January 30, 2019

Pentagon Sending 'Several Thousand' More Troops To US-Mexico Border

It comes weeks from a deadline from the White House over funding for a border wall.

Pentagon troops A soldier installs concertina wire along the border wall near the Dennis DeConcini Port of Entry in Nogales on Thursday, Nov. 15, 2018. A new deployment is expected to stretch an additional 150 miles of razor wire along the border.

The Pentagon announced Tuesday that it is deploying thousands more soldiers to the U.S.-Mexico border.

Officials told the House Armed Services Committee that the Pentagon had identified three new caravans of migrants traveling north through Latin America to the U.S. border. That includes one caravan of 12,000 people. And that’s driving this latest troop deployment.

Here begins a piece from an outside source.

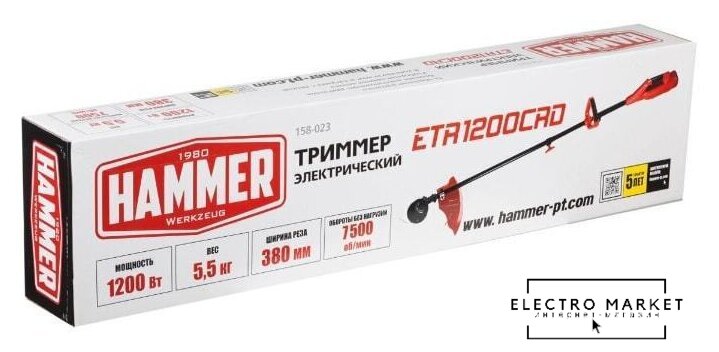 электрический, 1200 Вт, оснастка: леска+металлический нож, ширина скашивания 23-38 см, вес 6 кг

Committee chair Democratic lawmaker Adam Smith not only expressed doubt about this mission, but also the past two deployments. "When are we going to be to the point where you can say we don’t need active duty troops," he asked Under Secretary of Defense for Policy John Rood.

"We look across the total force, active reserve and national guard to determine what is the right mix and appropriateness of the force to respond and that is where the decision is made in terms of the timeliness," Rood said.

Smith interrupted, "Got it, so you don’t really know."

Soldiers deployed last fall under Operation Secure Line installed 70 miles of razor wire along ports of entry into the U.S., meaning mostly well within downtown border cities.

The new mission joins about 4,500 National Guard and active duty troops already deployed, and this domestic deployment is supposed to be funded through Sept. 30, the end of the fiscal year.

It comes just weeks ahead of a deadline President Donald Trump gave Congress to come up with funding for 234 miles of border wall, risk a new government shutdown or face an executive action taken on the border to skirt Congress altogether.